まずはこのお話のポイントを整理しましょう。単語をいくつか抽出していきます。
世界からの孤立
教室でのひととき
夢のような出来事
もう元には戻らない
でもこれだけではタイトルにはしきれないですね。「世界からの孤立」は[彼女]の話ですし、[僕]はそれに巻き込まれただけですので使用は難しいです。ましてや、それは作中で詳しく解説しない裏テーマのような物なので、この状況ではあまり適さないかもしれません。
教室での2人の会話はこの物語のキービジュアルでもあります。原文でもその多くを割いて描写していますし、リメイク後も何度かに分けてその光景を描いています。これはイメージとして使いやすいかもしれませんね。
「夢のような出来事」は主に[僕]視点のものになります。普段できないような特別な体験、ということですね。それと同時に、[彼女]が望んだ結末でもあります。夢を通じて孤独を回避できるかもしれない可能性の一つとして、実現を願っていましたし。これも使えるかもしれません。
孤立した後の世界については「もう元の状態には戻らない」という性質を持っていますが、これをタイトルに活かすのはちょっと難しいですかね。やるとするなら最後に句点をつけるくらいですが、世界の発展はないにしてもこの2人の存在はまだ続いていくので、いまいちしっくりこないところではあります。
上記を踏まえ、まずは教室のイメージと夢の雰囲気を合わせてみましょうか。
教室は主に色を使って表現するといいかもしれませんね。窓から夕陽が差し込んでオレンジ色に満たされている様子は、「蜂蜜」や「琥珀」で表現してきました。「黄昏」もイメージに近いですね。
試しに「琥珀色」+「夢」の組み合わせでで既出作品がないか調べると、いくつかヒットするものがありました。インスパイア元ではないのに似た名前をつけるわけにもいかないので、これは使えませんね。同様に「蜂蜜色」+「夢」の組み合わせも多くヒットします。こちらの方が創作で使われているようですね。これもタイトルにはなり得ないでしょう。
「夢」を別の言葉に替えてみます。「希望」「願望」「希」「願い」「想い」のような『この先なにか素敵なことがあってほしい』という意味は寝ている時に見る「夢」とは異なりますが、[彼女]や[僕]にとっても「この時間が訪れれば(続けば)いいのに」という「願望」はあるので、その方向性で言葉を組んでみてもいいかもしれないですね。
ふと、琥珀の生成過程を調べる中で思ったことがあります。樹液が長い年月を経て化石になるのであれば、それは世界から孤立してしまったと解釈することもできるのではないでしょうか。色としての「琥珀」ではなく化石としての「琥珀」とみれば、その中にいる2人は宝石の中の虫のように閉じ込められ、孤立し、先がないことを表現できるかもしれません。色については、「蜂蜜」ではなく「琥珀」にしましょう。

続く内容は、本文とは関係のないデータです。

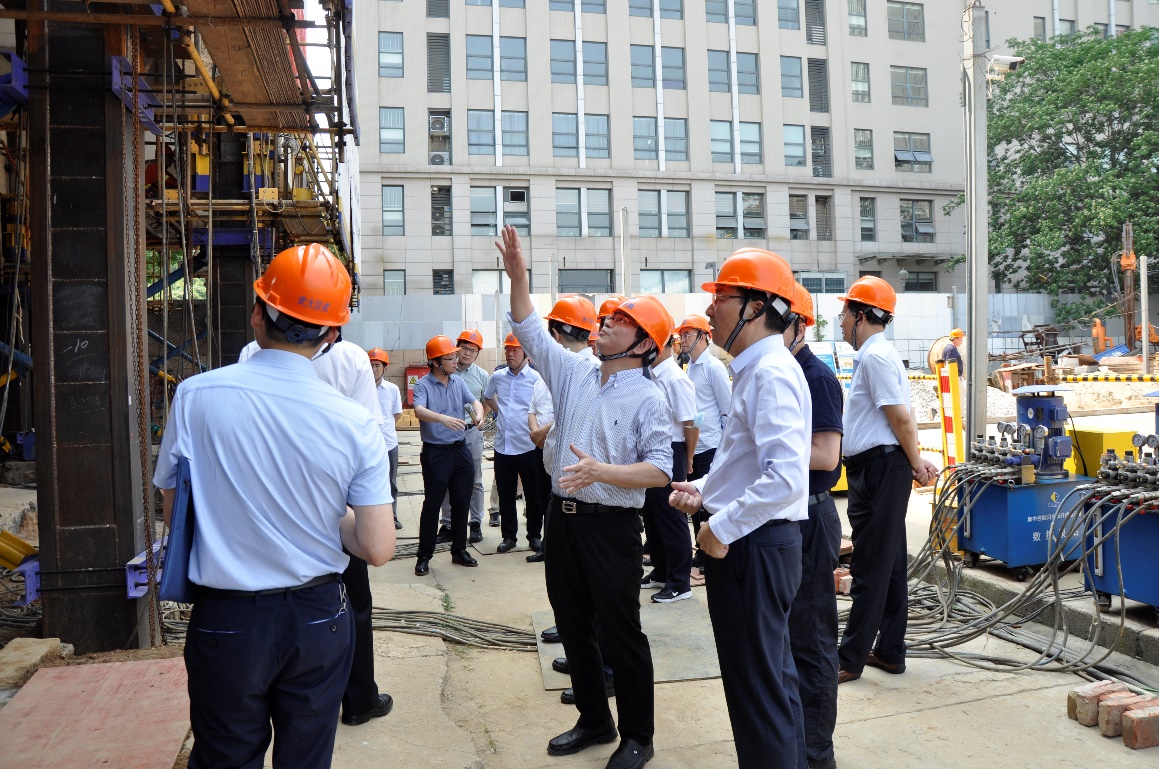出席會議的院士專家在由巨成結(jié)構(gòu)應(yīng)用自己專利打造的十九層清水混凝土總部辦公大樓前合影留念,隨后參觀調(diào)研巨成群控同步頂升工程試驗,聽取了巨成結(jié)構(gòu)副總經(jīng)理張暢關(guān)于巨成群控同步頂升技術(shù)的研發(fā)歷程、技術(shù)創(chuàng)新、試驗進展等方面的介紹。各位院士專家深入試驗,從工程試驗的結(jié)構(gòu)部分,地基框架等方面和公司相關(guān)負責(zé)人進行交流。

「琥珀色の◯◯」や「◯◯の琥珀」の形にするとして、あとはその空欄を埋めるだけですね。「夢」にまつわる単語を組み合わせようとも思いましたが、なかなかしっくりきません。
本文での描写を振り返ります。
これをうまく纏めてタイトルにしてしまいましょう。「琥珀色の教室」はどうでしょうか。重複を避けるために検索しても、同じ形で発表されているものはなさそうでした。これは使えますね。
キービジュアルとしてのあの空間、世界から孤立してそこから発展しない様子を込められたのではないでしょうか。ちゃんと決められてよかったです。